With thoughts of cracked engine blocks crossing my mind, I reluctantly headed back down the dark, twisting gravel road. Once when sailing in Mexico, we'd left port with a destination in mind only to return in a few hours wet and cold. This was a repeat performance, but without the anger I'd had thirty years before.

The next morning I headed toward the river. My expectation? Lots of crappie, a few bass from the kayak or float tube and, maybe, two or three trout in the next three days. I drove along my favorite trout stream on the way. Miles of creek front property had been bought or leased for cattle grazing and "NO TRESPASSING" signs were posted. My luck on that creek had always been excellent in the spring when the trout were moving up to spawn. We hadn't arrived until late June, the water had been low, with my expectations even lower, so I hadn't tried.

I knew a couple of miles weren't posted but expected the fish to have moved back into the river. Celinda had asked more than once why I didn't try fishing it anyway. This time I did, even though it was midday, the sun was on the water, it was hot and I didn't expect to catch anything.

After changing from jeans to a wet suit bottom and surf socks, I picked my way down the bank, hand over hand. Limbs from large trees hung over the game trail and pushing one aside, I came face to face with a doe and two half grown fawns. I'd been hanging on to whatever was available to keep from pitching headlong down the bank.

The doe and fawns did a midair 180º turn, headed down the bank at full speed, crossed the creek on the run and disappeared into the trees. Slipping, sliding and doing a five point butt skid before reaching the creek, I wondered how the deer did it.

I've caught big tuna and Mahi-mahi while under sail, lake and river fishing is fun from a kayak or float tube, crappie are decent fighters and bass put up a better battle than them or trout, but stream fishing with flies is more challenging, more Zen.

Fly fishing isn't just baiting a hook and waiting. Catching fish with flies you've tied yourself on barbless hooks is fulfilling. Catching and releasing them feeds the soul. Once while teaching fly casting, a student who couldn't get the hang of it said I looked like a damn ballet dancer.

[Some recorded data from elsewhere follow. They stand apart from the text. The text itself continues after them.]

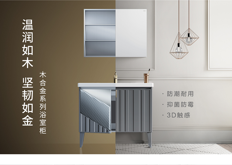 - 木合金柜体,防水防潮,随心安放;表面覆膜工艺,3D触感, 温润如木;
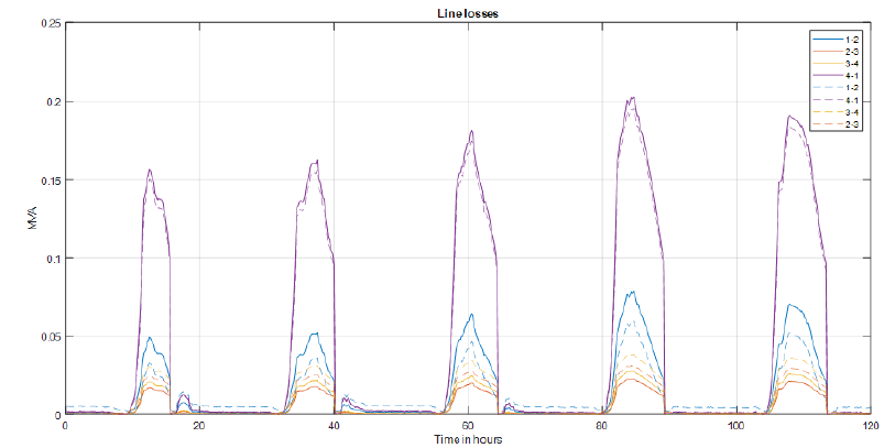 Figure 7 represents line losses for cases with and without reactive power compensation. It is evident from the figure that the line losses with reactive power compensation (dashed lines) are lower when compared to the line without compensation (solid lines) for lines ‘1-2’ and ‘1-4’ which are the lines used to export and import power from the utility grid, hence it can be concluded that with reactive power compensation overall reactive power demand is reduced.
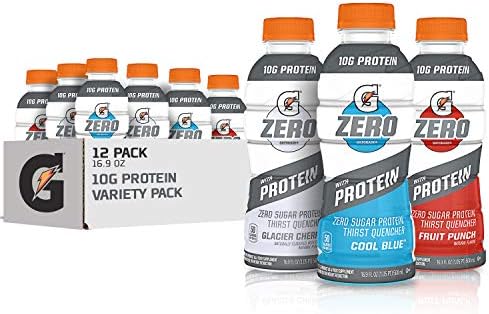 View full detailsGatorade Zero With Protein, 10g Whey Protein Isolate, Zero Sugar, Electrolytes, 3 Flavor Variety Pack, Liquid, Bottle, 16.9 Fl Oz, 12 Pack
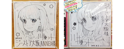 他にも、『NEW GAME!』得能正太郎先生、『幸腹グラフィティ』川井マコト先生による展覧会の為の描きおろし色紙も展示!

My reply to her was, "Thanks, they're both art forms."

The successful fly fisherman not only has to know how to fly cast, they have to know which fly the fish will accept, has to be able to read the water, know where fish are at that particular time of day, what effects the weather will have on where the fish are, whether fishing upstream, across stream or downstream will be best when dovetailed with all the other information and criteria and a few tricks that very few ever take time to learn or discover. Fly fishing is satorii: T'ai Chi applied.
The next hour was sheer bliss and produced twelve trout over twelve inches, most between fourteen and sixteen inches and three over sixteen. The three day trout total was fifty or sixty hooked, thirty-six caught and released, three bass from the kayak on the river and, even though I fished for them one morning where I've caught hundreds, no crappie.

By allowing life to be, we can exceed our expectations.